Data in this exercise ::
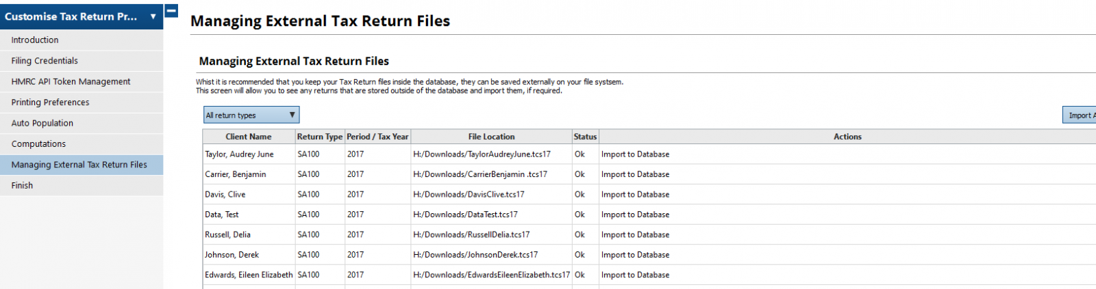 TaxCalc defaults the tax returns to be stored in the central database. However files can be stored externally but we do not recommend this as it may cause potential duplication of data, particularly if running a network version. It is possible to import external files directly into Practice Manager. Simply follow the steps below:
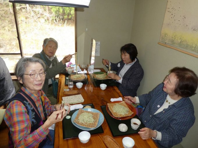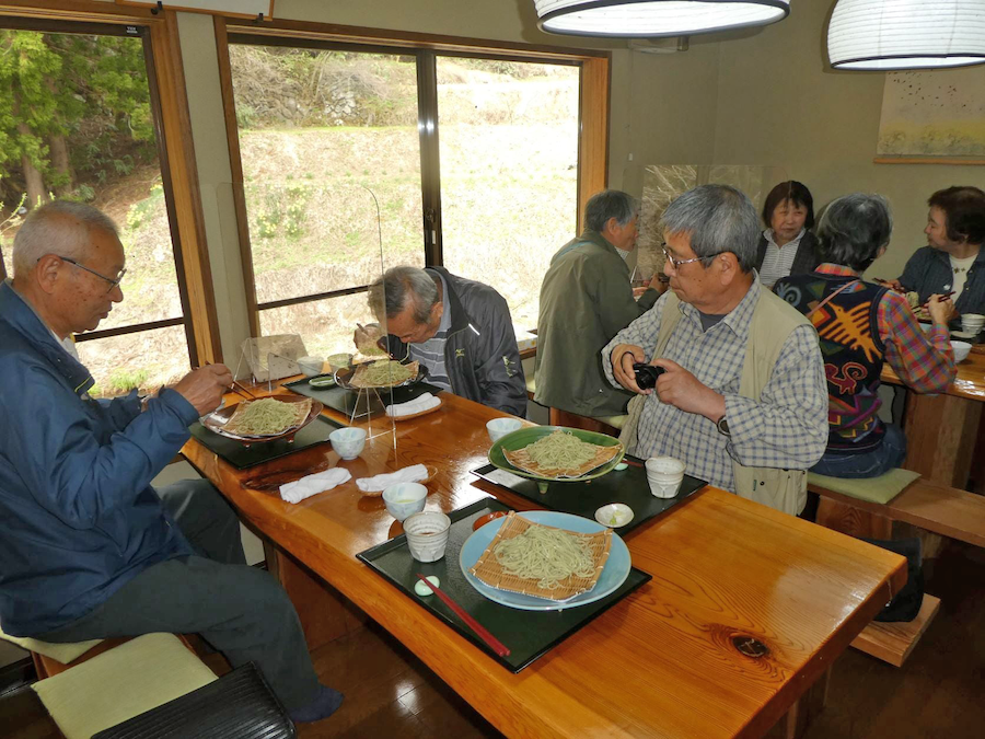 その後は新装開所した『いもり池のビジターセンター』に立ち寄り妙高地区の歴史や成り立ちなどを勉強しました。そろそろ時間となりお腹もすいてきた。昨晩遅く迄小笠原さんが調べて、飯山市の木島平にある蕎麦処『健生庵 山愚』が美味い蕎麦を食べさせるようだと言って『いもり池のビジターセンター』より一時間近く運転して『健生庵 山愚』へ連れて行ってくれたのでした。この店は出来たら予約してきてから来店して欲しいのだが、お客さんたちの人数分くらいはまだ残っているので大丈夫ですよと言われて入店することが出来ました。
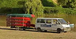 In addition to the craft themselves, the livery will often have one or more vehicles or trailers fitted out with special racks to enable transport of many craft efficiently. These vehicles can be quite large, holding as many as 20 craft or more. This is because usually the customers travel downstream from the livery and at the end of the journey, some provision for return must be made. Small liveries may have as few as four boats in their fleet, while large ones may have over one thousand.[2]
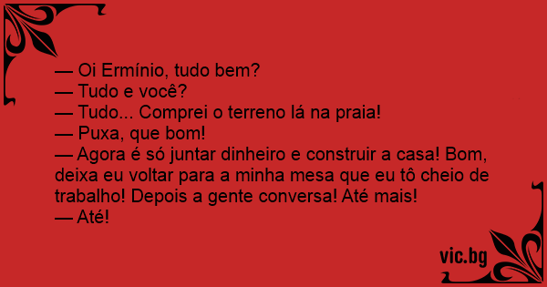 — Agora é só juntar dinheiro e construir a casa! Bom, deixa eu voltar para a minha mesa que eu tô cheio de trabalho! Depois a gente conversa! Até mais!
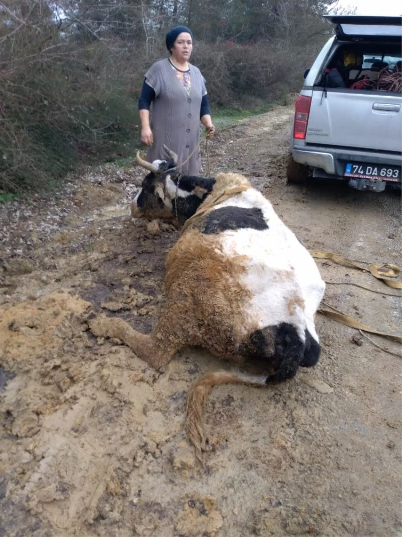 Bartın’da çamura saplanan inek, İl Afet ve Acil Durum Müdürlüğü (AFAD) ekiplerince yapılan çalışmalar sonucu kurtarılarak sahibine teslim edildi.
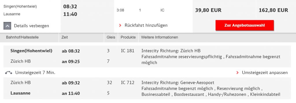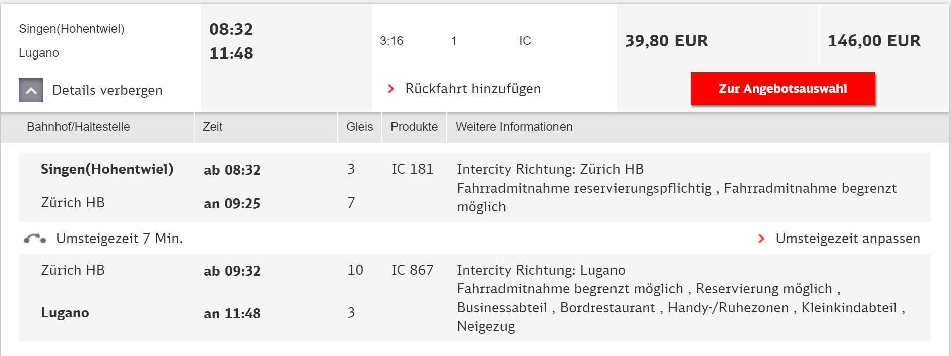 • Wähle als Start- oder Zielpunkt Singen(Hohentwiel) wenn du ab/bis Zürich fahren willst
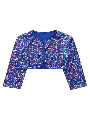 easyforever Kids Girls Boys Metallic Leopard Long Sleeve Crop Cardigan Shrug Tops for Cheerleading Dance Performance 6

---

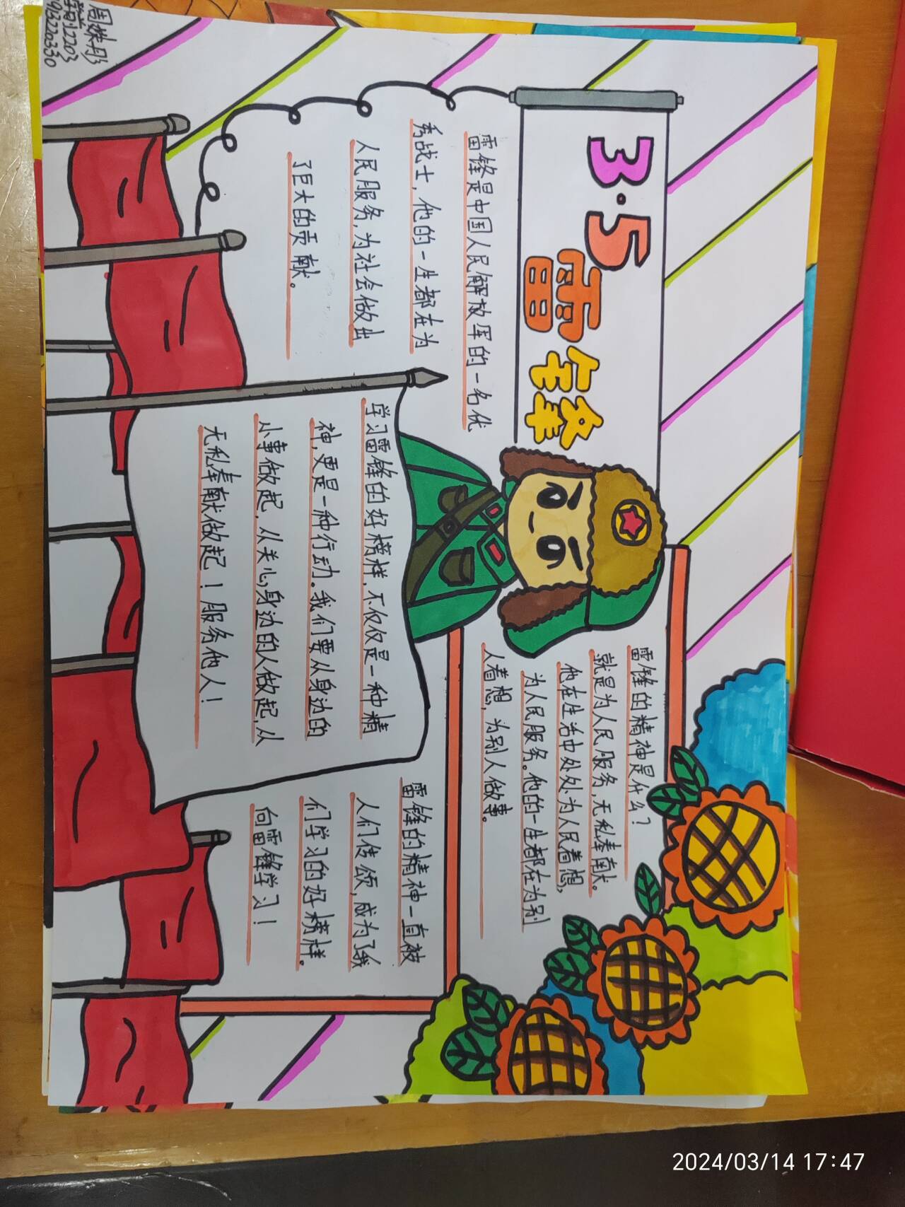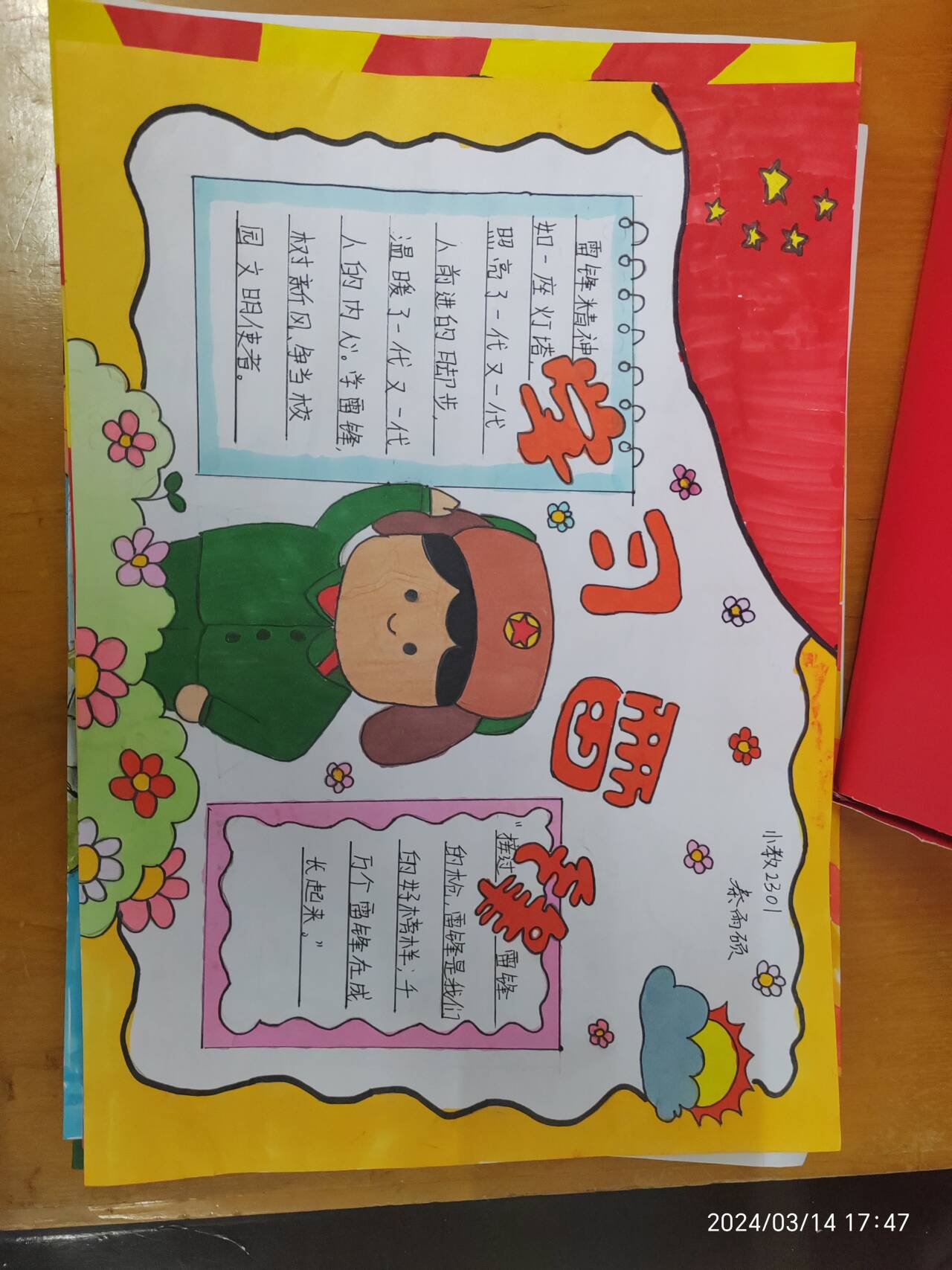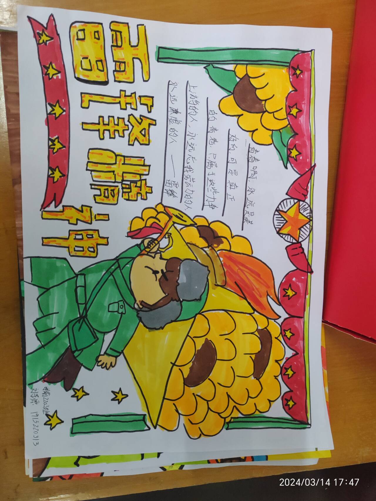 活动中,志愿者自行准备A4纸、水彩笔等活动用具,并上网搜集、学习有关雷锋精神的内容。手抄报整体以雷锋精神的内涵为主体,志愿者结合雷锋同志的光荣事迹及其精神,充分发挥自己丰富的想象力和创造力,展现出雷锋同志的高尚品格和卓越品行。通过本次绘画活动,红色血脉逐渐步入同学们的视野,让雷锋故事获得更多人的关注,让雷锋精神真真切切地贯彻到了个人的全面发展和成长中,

...

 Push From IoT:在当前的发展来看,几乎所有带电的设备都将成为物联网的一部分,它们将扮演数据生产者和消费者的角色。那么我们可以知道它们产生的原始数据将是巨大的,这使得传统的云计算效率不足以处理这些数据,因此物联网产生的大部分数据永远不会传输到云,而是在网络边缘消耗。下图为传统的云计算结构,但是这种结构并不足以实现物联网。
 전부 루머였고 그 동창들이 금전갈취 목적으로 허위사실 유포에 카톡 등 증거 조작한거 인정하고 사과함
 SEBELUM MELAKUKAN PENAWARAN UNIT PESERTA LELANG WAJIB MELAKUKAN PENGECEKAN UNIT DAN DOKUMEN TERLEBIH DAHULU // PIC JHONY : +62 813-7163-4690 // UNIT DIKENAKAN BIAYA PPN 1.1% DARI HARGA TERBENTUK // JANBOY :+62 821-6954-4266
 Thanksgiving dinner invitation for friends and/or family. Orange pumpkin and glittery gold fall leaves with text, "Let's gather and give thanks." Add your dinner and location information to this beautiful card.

Directions for this task :: From the data above, return only the lines starting at the line that holds "conversa! Até mais!" and ending at the line that holds "Bartın’da çamura saplanan", word for word and without pictures.

Exercise answer ::
 — Agora é só juntar dinheiro e construir a casa! Bom, deixa eu voltar para a minha mesa que eu tô cheio de trabalho! Depois a gente conversa! Até mais!
 Bartın’da çamura saplanan inek, İl Afet ve Acil Durum Müdürlüğü (AFAD) ekiplerince yapılan çalışmalar sonucu kurtarılarak sahibine teslim edildi.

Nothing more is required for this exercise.